Common mutation underlying primary hyperoxaluria type1 in three Indian children

Department of Pediatrics, Division of Nephrology, All India Institute of Medical Sciences, Ansari Nagar, New Delhi, India
Manav Medical Centre, New Delhi, India

Address for correspondence: Dr. Aditi Sinha, Senior Research Associate, Division of Nephrology, Department of Pediatrics, Teaching Block, All India Institute of Medical Sciences, Ansari Nagar, NewDelhi-110029, India. E-mail: aditisinha4@rediffmail.com

Licence

This is an open-access article distributed under the terms of the Creative Commons Attribution-Noncommercial-Share Alike 3.0 Unported, which permits unrestricted use, distribution, and reproduction in any medium, provided the original work is properly cited.

Disclaimer:
This article was originally published by Medknow Publications & Media Pvt Ltd and was migrated to Scientific Scholar after the change of Publisher.

Abstract

Primary hyperoxaluria is an autosomal recessive disorder caused by deficiency of alanine-glyoxylate aminotransferase, which is encoded by the AGXT gene.
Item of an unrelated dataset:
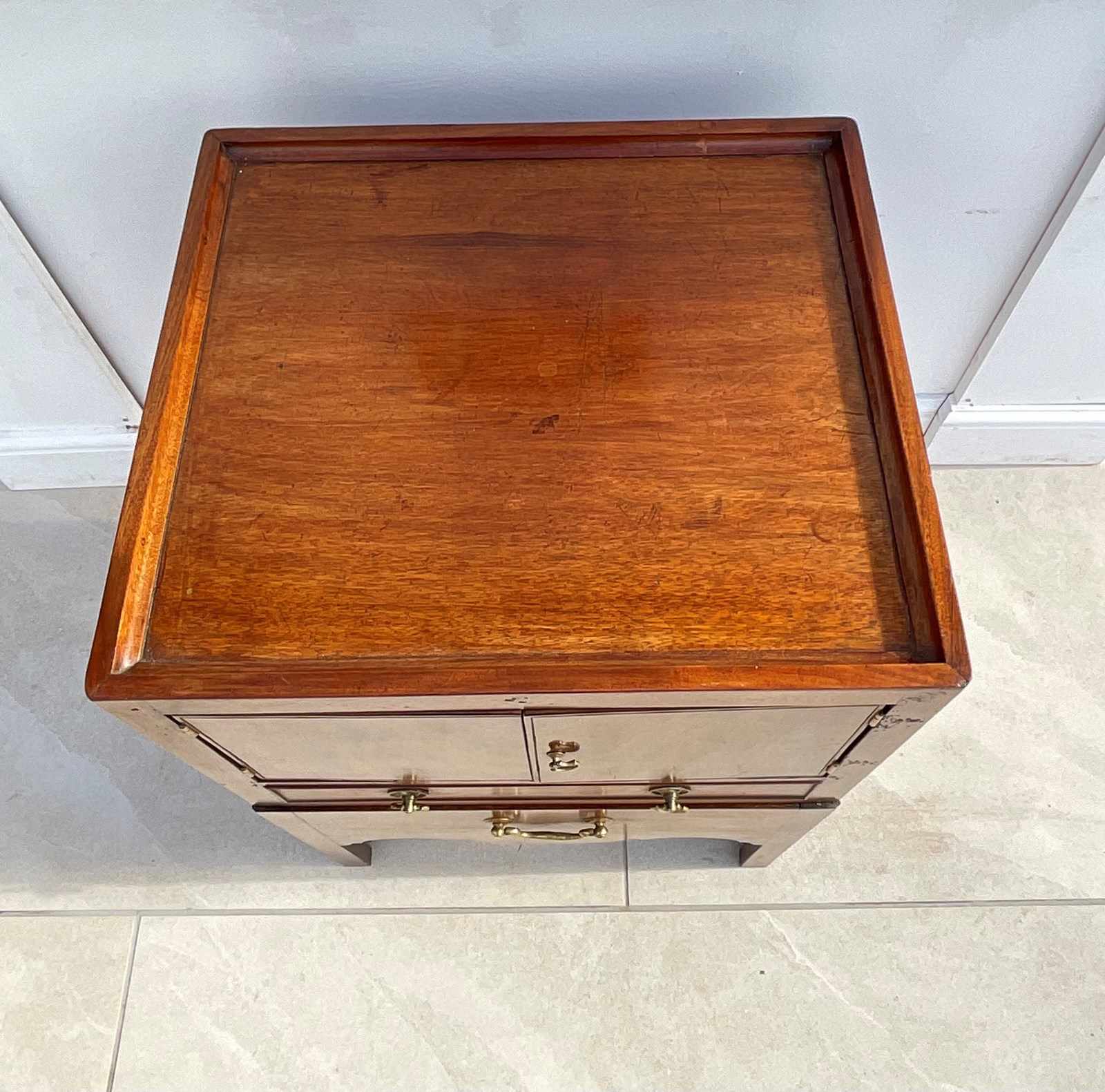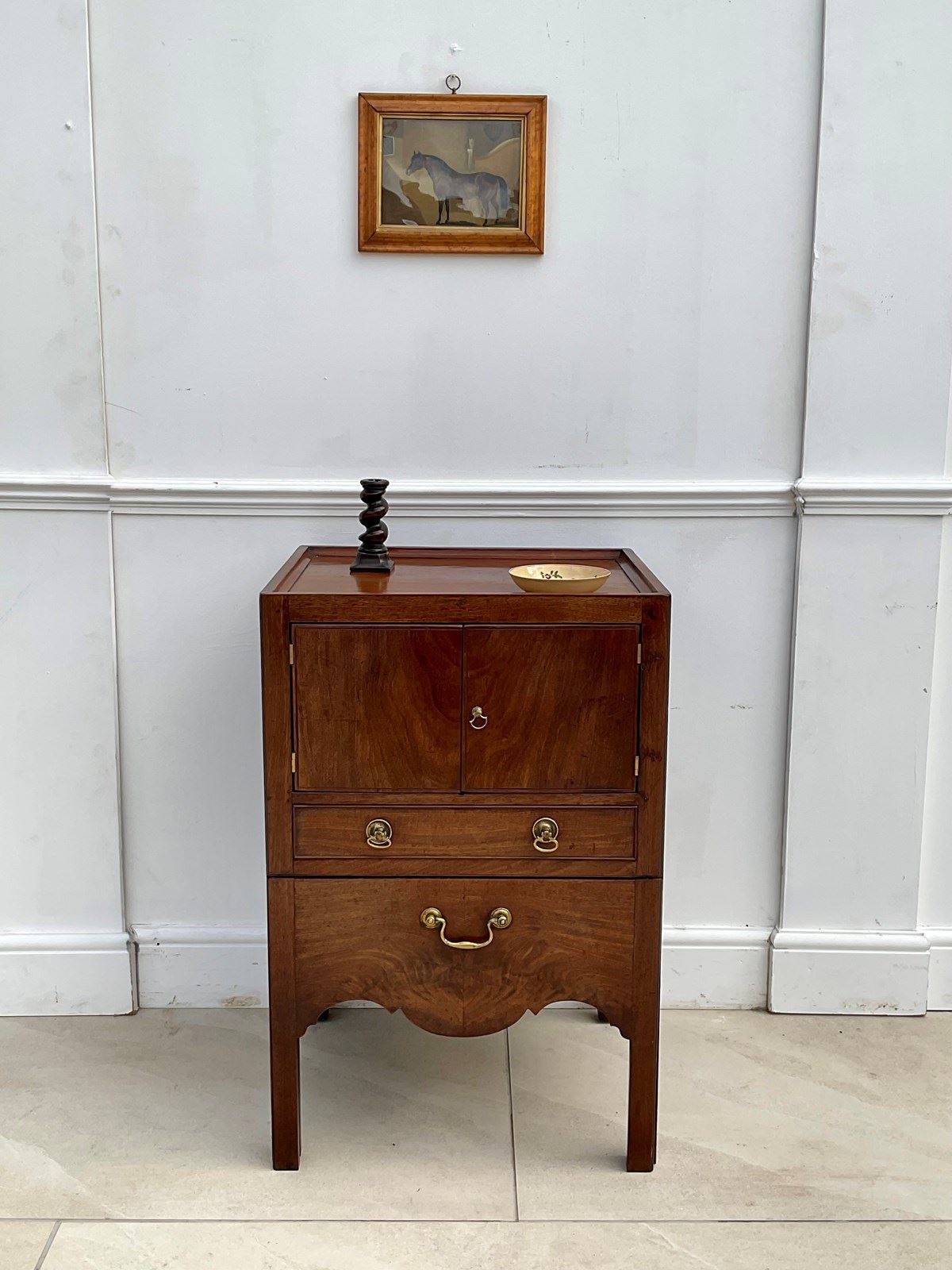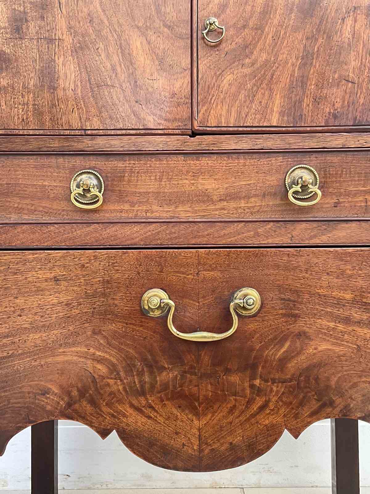 A mahogany night table with a spacious cupboard above an oak lined drawer and pull out step with a well shaped apron. It has acquired the most wonderful colour and patina over the last 250 years.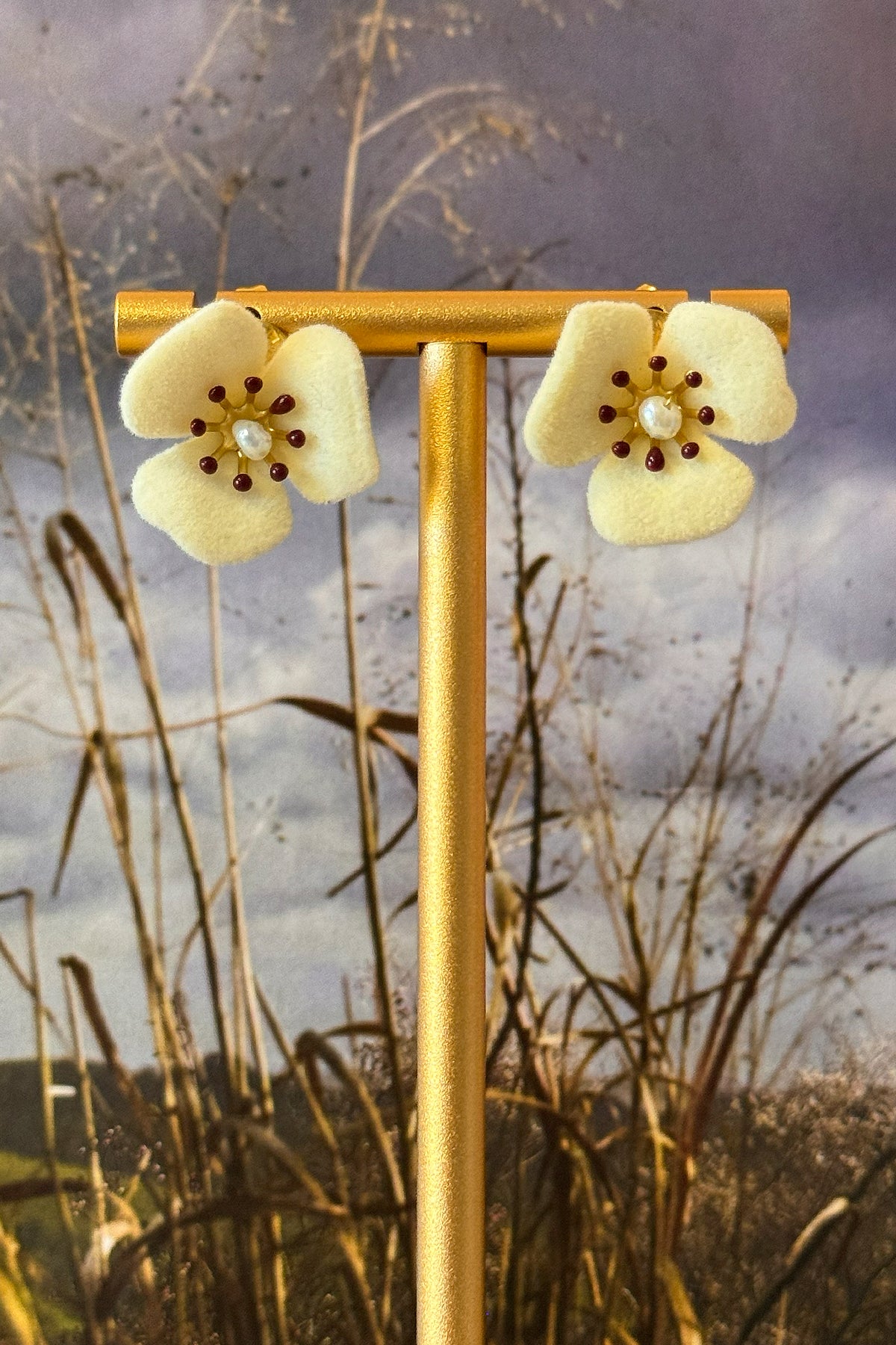 Los pendientes Everest capturan la belleza de una flor que resiste en las alturas, delicada y luminosa. Su textura aterciopelada en color crudo aporta una suavidad táctil y visual, mientras los detalles en dorado y granate crean un contraste cálido y muy sofisticado.

We report three Indian children with primary hyperoxaluria type1 having a common mutation in this gene. All patients had evidence of chronic kidney disease at the time of diagnosis, with subsequent progression to end-stage renal disease. The detection of an identical mutation in the AGXT gene suggests that specific genetic screening for this mutation may be useful when considering the diagnosis of primary hyperoxaluria type1.

Keywords

AGXT gene
chronic kidney disease
nephrocalcinosis

Introduction

Primary hyperoxaluria type1 (PH1, OMIM 259900) is an autosomal recessive disorder of glyoxylate metabolism characterized by a functional defect of the liver-specific enzyme, alanine glyoxylate aminotransferase (AGT).[1] There is an increased urinary excretion of calcium oxalate, recurrent nephrolithiasis, nephrocalcinosis and accumulation of oxalate throughout the body. The gene encoding AGT, AGXT, is located at 2q37.3 and consists of 11 exons.[2]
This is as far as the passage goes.